Swindon Academy Downunder
Morfuni said the setting up of the Australian academy showed he was in it for the long haul. “We’re setting it up as a joint venture with Nepean FC [in western Sydney]. We’re going to pay for two kids every year to go to England – I’m thinking January, the middle of winter, to understand and experience football in England and how hard it is to be a proper footballer there. It’ll be summer holidays and they’ll go from 35 degrees to minus two with a 3.30 sunset. “People see your work ethic your mental strength – and football in England is tough. I don’t think people realise how tough it is. The climate, and the different edge to being a footballer, but if you make it, you make it big.”

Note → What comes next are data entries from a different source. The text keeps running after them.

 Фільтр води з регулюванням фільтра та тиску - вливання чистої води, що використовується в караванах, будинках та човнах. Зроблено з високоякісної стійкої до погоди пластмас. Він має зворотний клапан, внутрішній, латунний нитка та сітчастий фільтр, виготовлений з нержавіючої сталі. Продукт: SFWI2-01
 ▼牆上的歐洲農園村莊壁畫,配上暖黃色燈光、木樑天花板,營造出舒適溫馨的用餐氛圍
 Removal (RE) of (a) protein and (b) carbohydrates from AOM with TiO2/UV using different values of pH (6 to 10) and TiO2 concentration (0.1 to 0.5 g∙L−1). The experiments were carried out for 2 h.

Fourth-tier Swindon Town FC will join the likes of Liverpool, Chelsea, Tottenham Hotspurs and Juventus as clubs with Australian academies.

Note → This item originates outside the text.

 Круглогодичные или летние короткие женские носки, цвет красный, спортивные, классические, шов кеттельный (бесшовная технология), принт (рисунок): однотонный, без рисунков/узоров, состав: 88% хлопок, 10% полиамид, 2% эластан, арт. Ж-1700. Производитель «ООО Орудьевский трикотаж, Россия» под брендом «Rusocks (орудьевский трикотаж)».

Morfuni already has his plumbing business staff talking to clubs in Melbourne, Brisbane and Adelaide about setting up similar academies there.
He cites the recent Beckham documentary on Netflix as demonstrating how mentally tough you have to be to make it in the UK. “When the whole country was against him. It was brutal. As he said ‘I don’t give up that easy’. The more they abused him, the harder he worked, and he went from villain to hero. That’s why he was a superstar.”
Morfuni cites his embracing of the Swindon women’s team as one of the highlights of his time at the club.
“When I started here, I said, ‘Have we got a women’s team?’ ‘Yeah, but it’s not really part of Swindon.’ ‘Explain that to me?’ ‘They pay us to play with our logo.’ I go, ‘Why?’ ‘That’s how it works.’ ‘What about the kit?’ ‘They’ve got four-year-old kit.’ ‘Well, from now on, they’re not going to pay us. We’re going to pay them. We’ll get them a new coach. And we’re going to buy new kit for them.’
“I won’t tell you how much it all cost, but it wasn’t much.”
The women’s team was still not a viable economic proposition, he said, not having cracked 1000 people through the turnstiles. “But women’s football is going to be huge. We saw it hear at the World Cup. It’s going to be so big it’s not funny and the women are getting better and better. I’m backing it 150%.”